Mrs. T continues to recover smoothly from her double-lung transplant surgery. Her chest cavity, which was deliberately left open after the operation, was washed out and closed up last night, and the doctors at New York-Presbyterian Hospital told me afterward that the procedure was uneventful (as they expected it to be).
As for her new lungs, one of her nurses described them to me as “looking beautiful.” She is still deeply sedated and on a respirator, but the slow process of waking her up will commence at some point in the next day or two, and I hope to be by her side when she opens her eyes and realizes that she is (A) not dead and (B) has a brand-new pair of lungs.

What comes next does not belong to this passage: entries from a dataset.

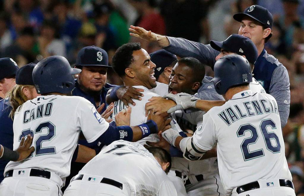 Danny Valencia and Mitch Haniger hit run-scoring singles in the inning.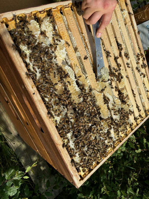 Unsere Bienen haben in diesem Jahr ein wahres Bienen-Restaurant in der Natur vorgefunden. Es gab so viel Nahrung, dass unsere Bienen zusätzlich zur „normalen“ Honig-Sommerernte eifrig Nektar einsammelten. So viel, dass mir der Honig schon förmlich entgegenfloss. Ein Geschenk? Nicht wirklich. Die Honigernte wird erschwert: Der eingetragene Honig ist schlichtweg zu flüssig, die Waben können nicht abgefegt werden und die Bienen tragen den Nektar in jede freie Zelle im Brutraum ein. Mit dem Ergebnis, dass die Königin keine leeren Zellen mehr findet, um ihre Eier abzulegen. Der Nachteil ist offensichtlich: Es schlüpfen zukünftig zu wenig Bienen, das Volk wird schwächer und kann nicht genügend Winterbienen aufziehen.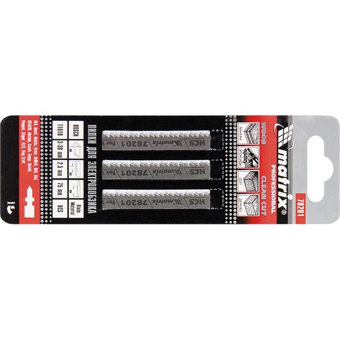 Полотна для электролобзика по дереву, 3 шт, T101B, 75 х 2.5 мм, HCS Matrix Professional

I didn’t go to the hospital yesterday, though: I stayed home and spent several hours on the living-room couch, waiting for a call. As those of you who follow the news closely and are familiar with the geography of upper Manhattan may have already guessed, coronavirus has come to my neighborhood. Not only are two victims being treated at New York-Presbyterian, but Yeshiva University’s uptown campus, which is only a few blocks from the hospital and our apartment house, was closed until further notice when an undergraduate there tested positive for the virus.

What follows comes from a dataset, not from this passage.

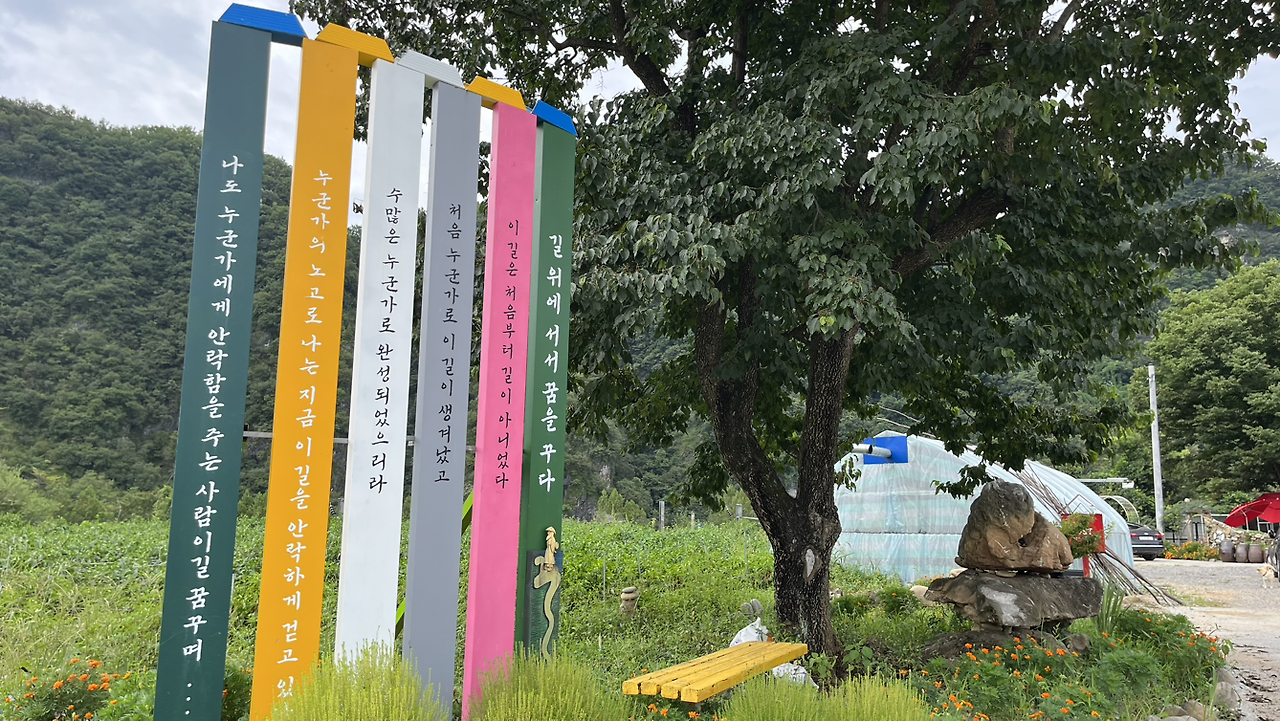 소요시간 5시간 30분을 예상하고 걸었는데, 각동리 마을 올라가는 길에 내려서기까지 6시간 55분이 걸렸다. 3시 54분 버스는 떠난 지 오래다. 다음 버스는 3시간 뒤 6시 54분에 있다. 각동교를 건너 버스정류장 표지판도 없는 정류장에 서서 히키하이킹을 시도했다. 참 오랜만에 해보는 짓이다.

I’m not an alarmist, and I’m well aware that any personal risk to me is nugatory. On the other hand, Mrs. T, unlike me, is in the highest possible risk category, and it struck me that under the circumstances, it might well be prudent for me to sit tight and wait just a bit longer before visiting her again. Besides, it’s a good time for me to stay home—I’m completely caught up on my work and have no more shows to see until Wednesday—and I can be at the hospital inside of fifteen minutes should anything unexpected happen.
For the moment, then, my plan is to continue resting up from the accumulated stresses of the past few months—and years. Last night, for instance, I sent out for Thai food and watched a Shirley Temple movie, John Ford’s Wee Willie Winkie. I’ll be seeing Mrs. T soon enough, and welcoming her back to the world.